## [TASK ITEM]
Could the listing below be returned exactly, with its pictures left out?

## [GIVEN DATA]
=== Section Start ===
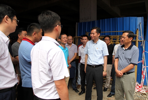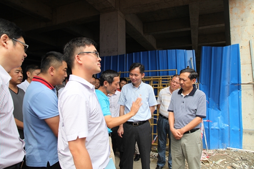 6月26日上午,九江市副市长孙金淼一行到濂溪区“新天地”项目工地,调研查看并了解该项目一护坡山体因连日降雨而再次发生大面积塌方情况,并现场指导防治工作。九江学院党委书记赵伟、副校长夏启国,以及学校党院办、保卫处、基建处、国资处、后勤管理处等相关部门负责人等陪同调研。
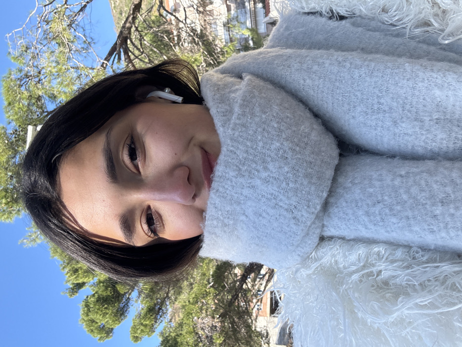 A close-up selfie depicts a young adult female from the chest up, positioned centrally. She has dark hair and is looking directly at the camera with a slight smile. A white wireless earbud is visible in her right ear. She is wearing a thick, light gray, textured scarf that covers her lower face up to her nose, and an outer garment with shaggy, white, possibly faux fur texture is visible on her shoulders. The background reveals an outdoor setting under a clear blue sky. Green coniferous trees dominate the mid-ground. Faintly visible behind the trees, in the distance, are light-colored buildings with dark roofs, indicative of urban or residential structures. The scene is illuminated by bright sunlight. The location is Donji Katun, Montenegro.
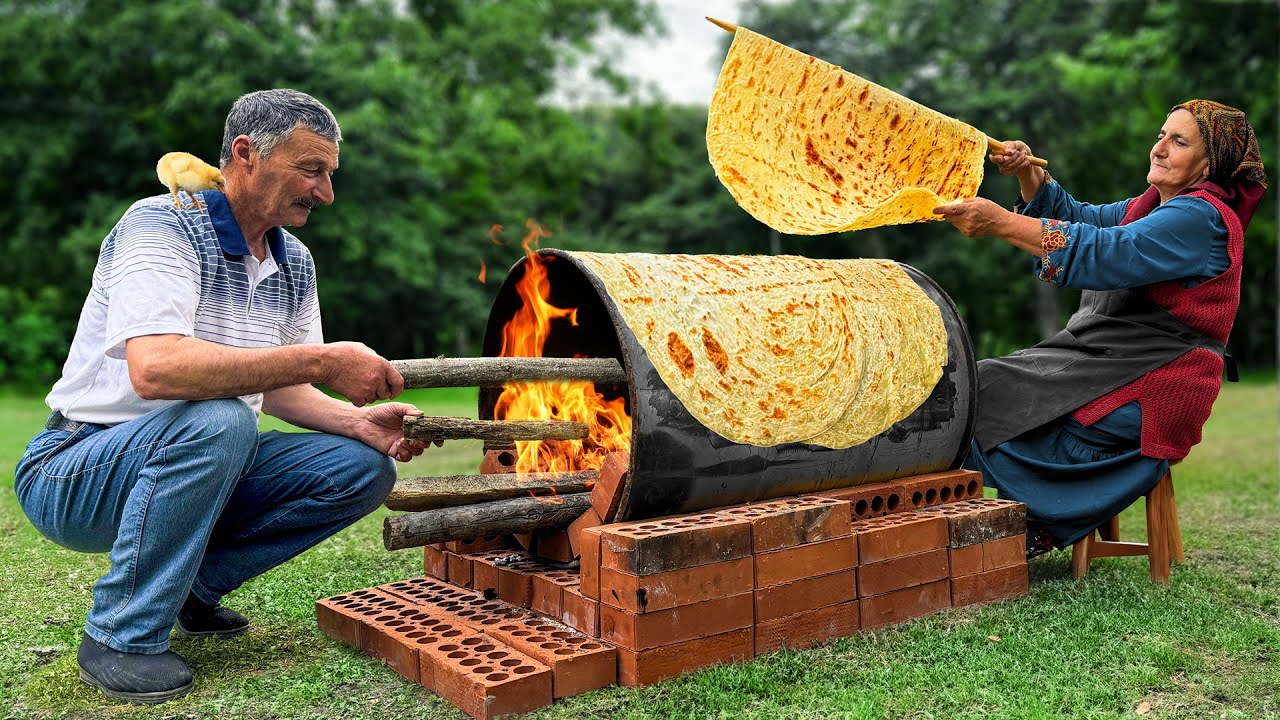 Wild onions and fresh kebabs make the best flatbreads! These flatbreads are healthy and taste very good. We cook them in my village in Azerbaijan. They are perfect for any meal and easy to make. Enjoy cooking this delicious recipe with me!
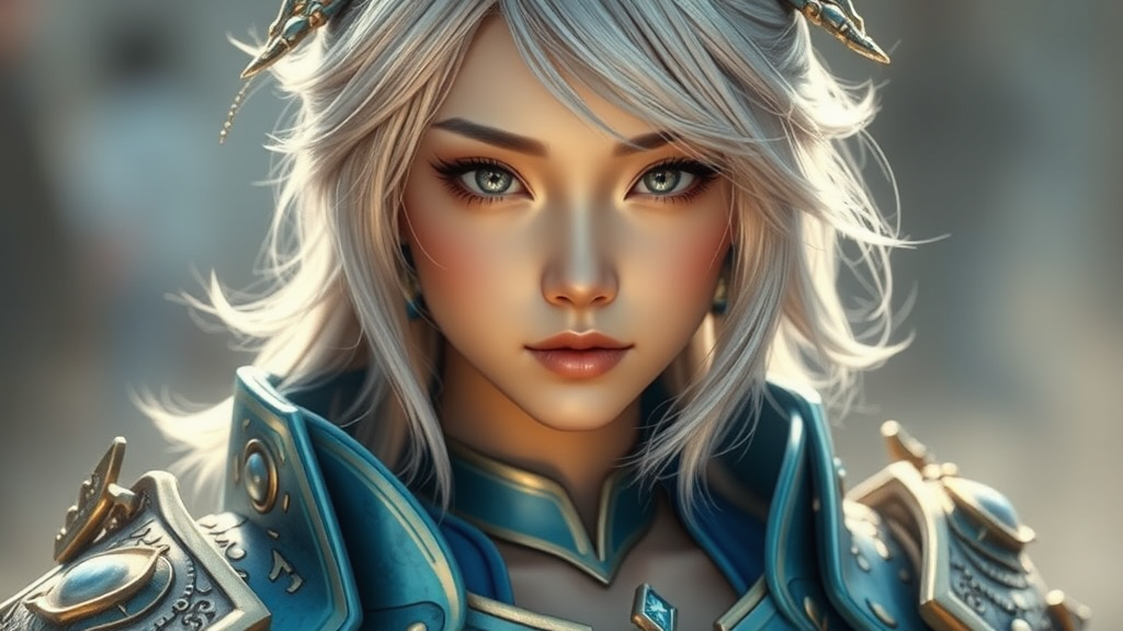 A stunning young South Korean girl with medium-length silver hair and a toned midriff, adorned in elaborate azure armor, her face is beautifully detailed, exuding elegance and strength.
=== Section End ===
## [EXERCISE SOLUTION]
 6月26日上午,九江市副市长孙金淼一行到濂溪区“新天地”项目工地,调研查看并了解该项目一护坡山体因连日降雨而再次发生大面积塌方情况,并现场指导防治工作。九江学院党委书记赵伟、副校长夏启国,以及学校党院办、保卫处、基建处、国资处、后勤管理处等相关部门负责人等陪同调研。
 A close-up selfie depicts a young adult female from the chest up, positioned centrally. She has dark hair and is looking directly at the camera with a slight smile. A white wireless earbud is visible in her right ear. She is wearing a thick, light gray, textured scarf that covers her lower face up to her nose, and an outer garment with shaggy, white, possibly faux fur texture is visible on her shoulders. The background reveals an outdoor setting under a clear blue sky. Green coniferous trees dominate the mid-ground. Faintly visible behind the trees, in the distance, are light-colored buildings with dark roofs, indicative of urban or residential structures. The scene is illuminated by bright sunlight. The location is Donji Katun, Montenegro.
 Wild onions and fresh kebabs make the best flatbreads! These flatbreads are healthy and taste very good. We cook them in my village in Azerbaijan. They are perfect for any meal and easy to make. Enjoy cooking this delicious recipe with me!
 A stunning young South Korean girl with medium-length silver hair and a toned midriff, adorned in elaborate azure armor, her face is beautifully detailed, exuding elegance and strength.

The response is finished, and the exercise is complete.